## RECORDS FOR THE EXERCISE
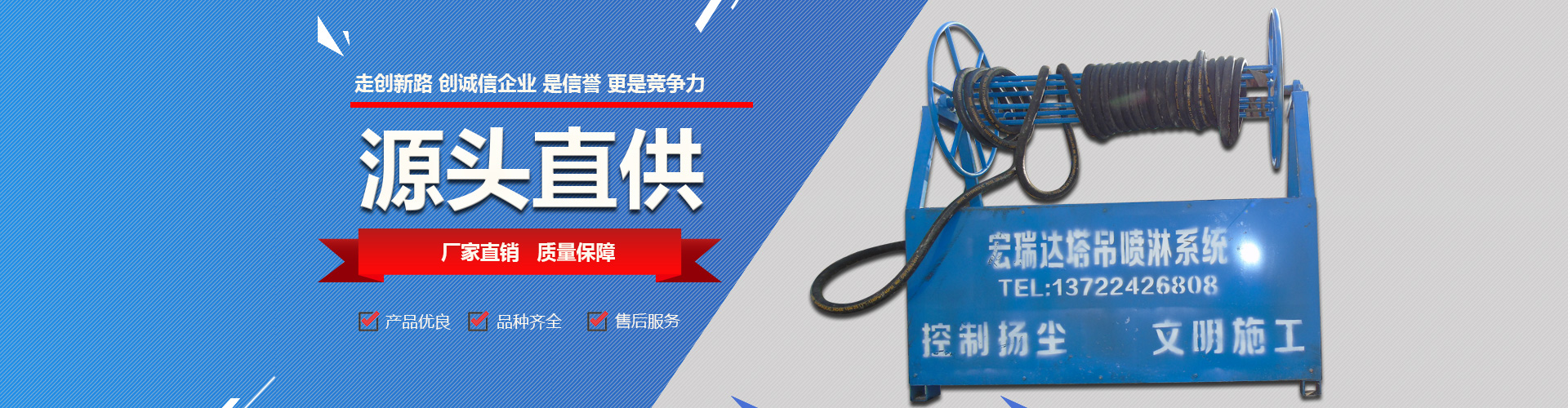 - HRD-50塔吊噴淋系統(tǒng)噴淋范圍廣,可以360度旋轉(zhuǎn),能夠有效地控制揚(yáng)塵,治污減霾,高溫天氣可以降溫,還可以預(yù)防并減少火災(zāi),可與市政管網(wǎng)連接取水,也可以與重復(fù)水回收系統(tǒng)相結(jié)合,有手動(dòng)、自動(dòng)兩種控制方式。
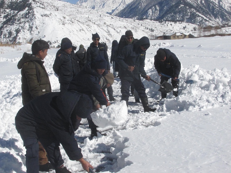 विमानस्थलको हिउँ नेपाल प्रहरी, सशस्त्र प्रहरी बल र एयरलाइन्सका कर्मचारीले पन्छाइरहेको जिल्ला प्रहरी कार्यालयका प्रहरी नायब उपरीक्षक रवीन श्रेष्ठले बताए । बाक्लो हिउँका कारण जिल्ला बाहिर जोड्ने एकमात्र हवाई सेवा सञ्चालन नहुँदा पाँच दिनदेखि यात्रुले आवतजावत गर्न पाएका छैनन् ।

...

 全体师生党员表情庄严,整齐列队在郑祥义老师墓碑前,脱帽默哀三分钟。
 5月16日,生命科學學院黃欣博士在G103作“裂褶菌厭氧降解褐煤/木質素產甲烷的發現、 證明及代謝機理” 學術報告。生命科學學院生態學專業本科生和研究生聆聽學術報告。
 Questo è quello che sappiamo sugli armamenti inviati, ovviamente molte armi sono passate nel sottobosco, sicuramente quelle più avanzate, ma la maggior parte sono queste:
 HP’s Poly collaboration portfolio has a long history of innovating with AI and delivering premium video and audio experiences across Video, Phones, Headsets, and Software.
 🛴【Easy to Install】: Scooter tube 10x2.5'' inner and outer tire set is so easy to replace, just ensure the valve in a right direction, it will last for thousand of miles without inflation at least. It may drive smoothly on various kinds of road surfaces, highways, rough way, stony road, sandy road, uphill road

* * *

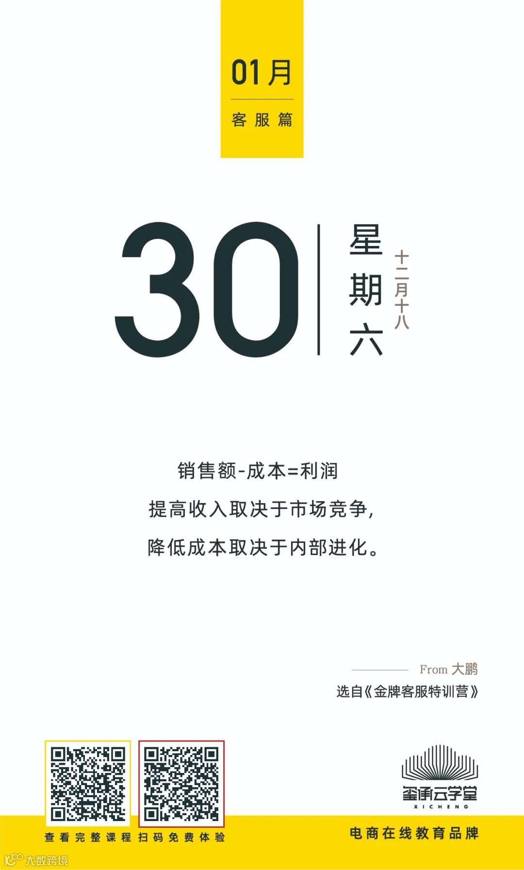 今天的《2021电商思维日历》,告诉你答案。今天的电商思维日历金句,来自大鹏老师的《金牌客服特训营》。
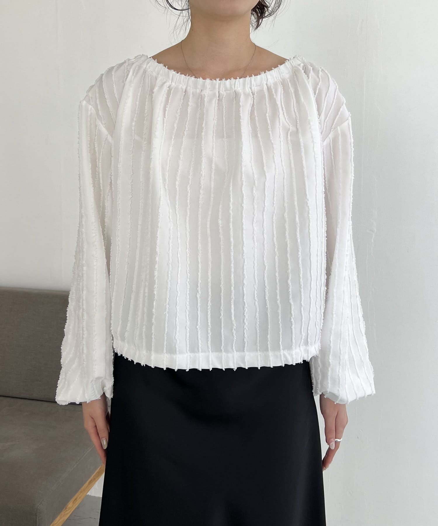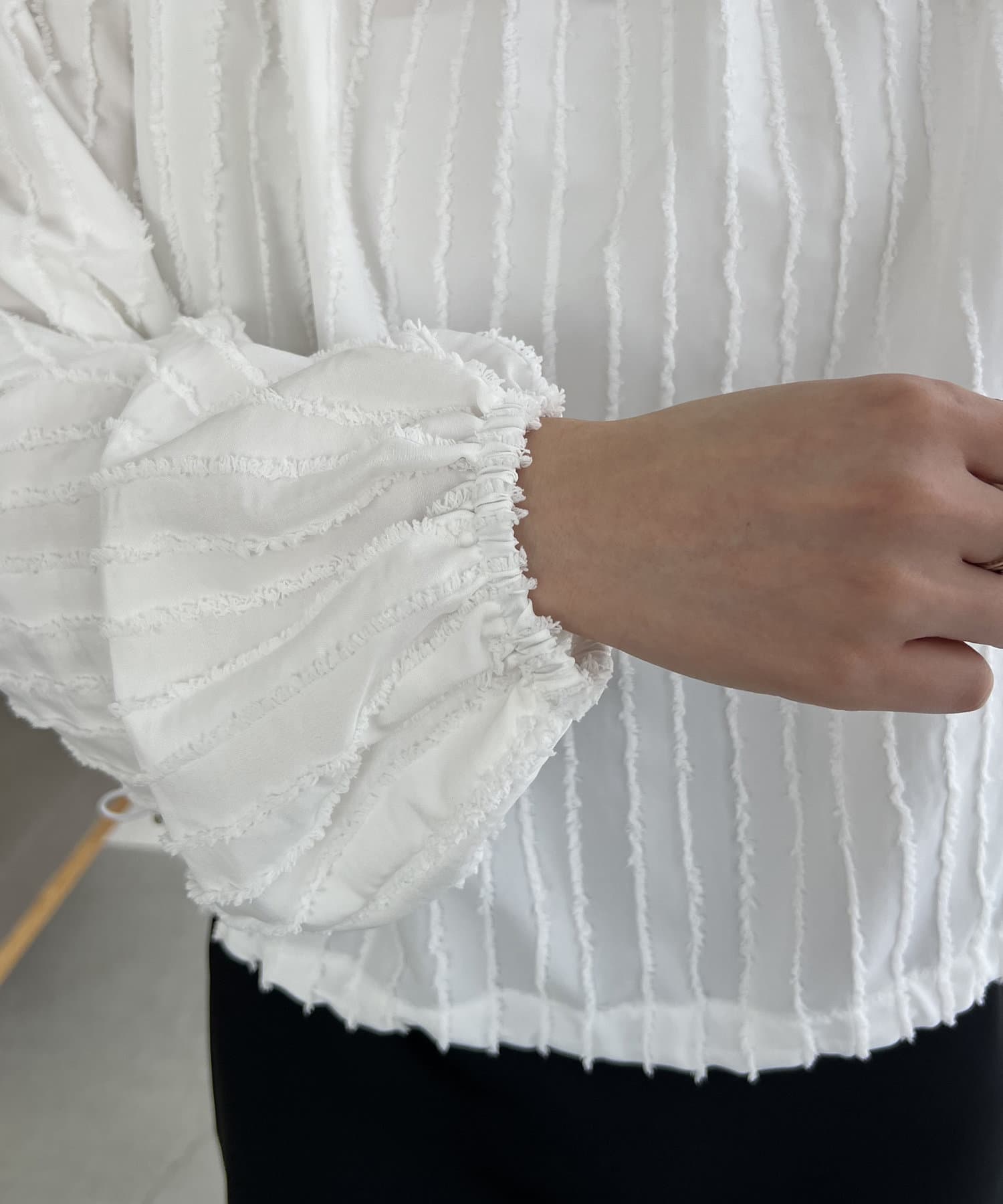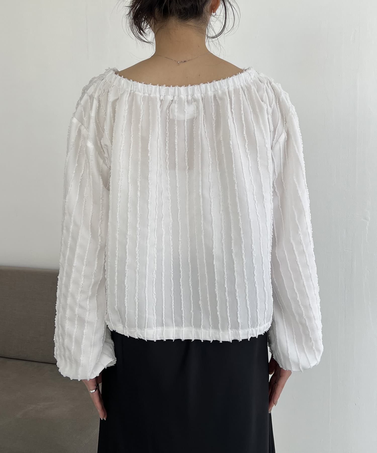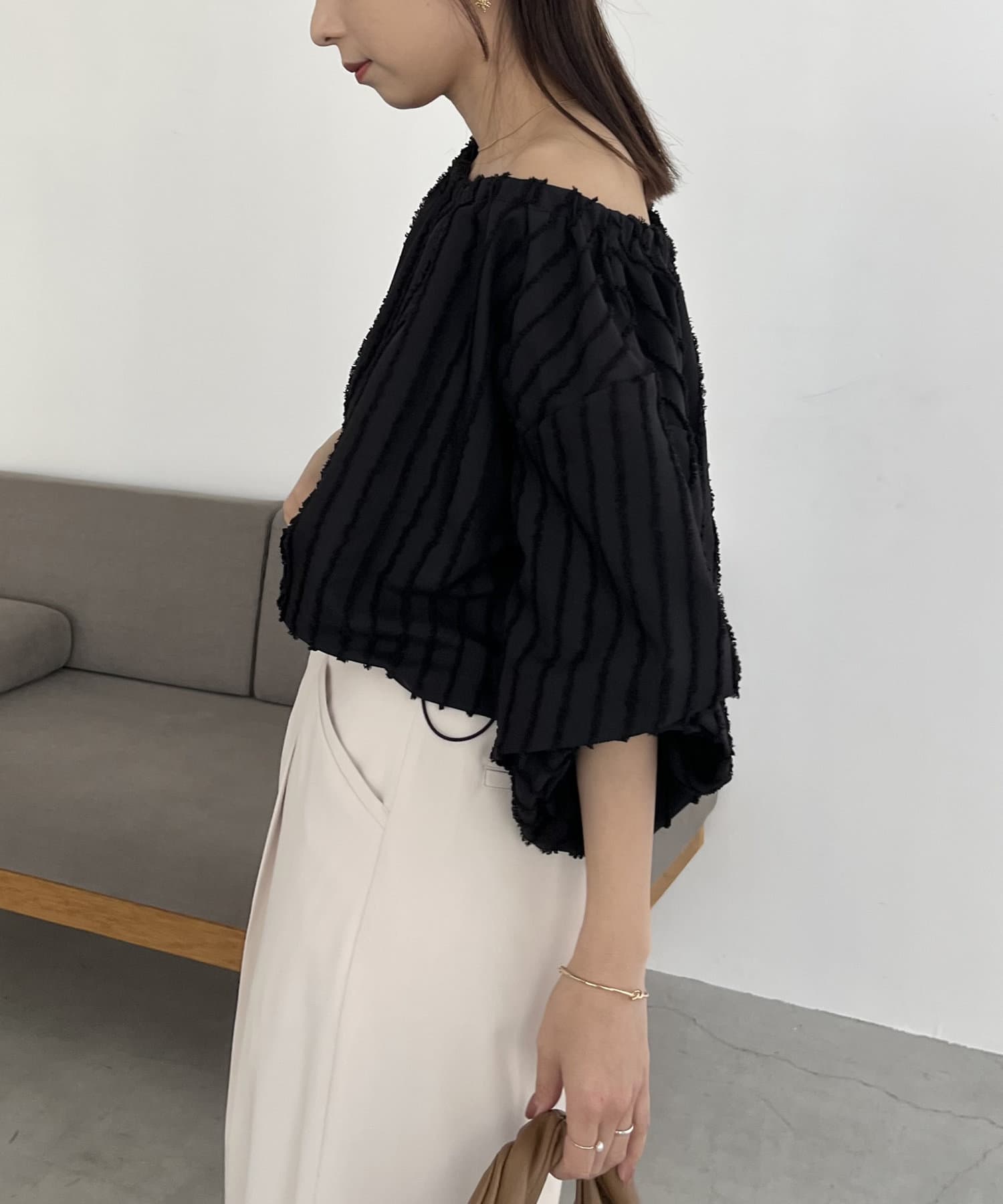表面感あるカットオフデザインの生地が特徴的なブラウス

## ACTIVITY
Using the data above, reproduce exactly the lines between those holding "全体师生党员表情庄严,整齐列队在郑祥义老师墓碑前,脱帽默哀三分钟。" and "Questo è quello", inclusive, and no others.

## OUTPUT BELOW
 全体师生党员表情庄严,整齐列队在郑祥义老师墓碑前,脱帽默哀三分钟。
 5月16日,生命科學學院黃欣博士在G103作“裂褶菌厭氧降解褐煤/木質素產甲烷的發現、 證明及代謝機理” 學術報告。生命科學學院生態學專業本科生和研究生聆聽學術報告。
 Questo è quello che sappiamo sugli armamenti inviati, ovviamente molte armi sono passate nel sottobosco, sicuramente quelle più avanzate, ma la maggior parte sono queste:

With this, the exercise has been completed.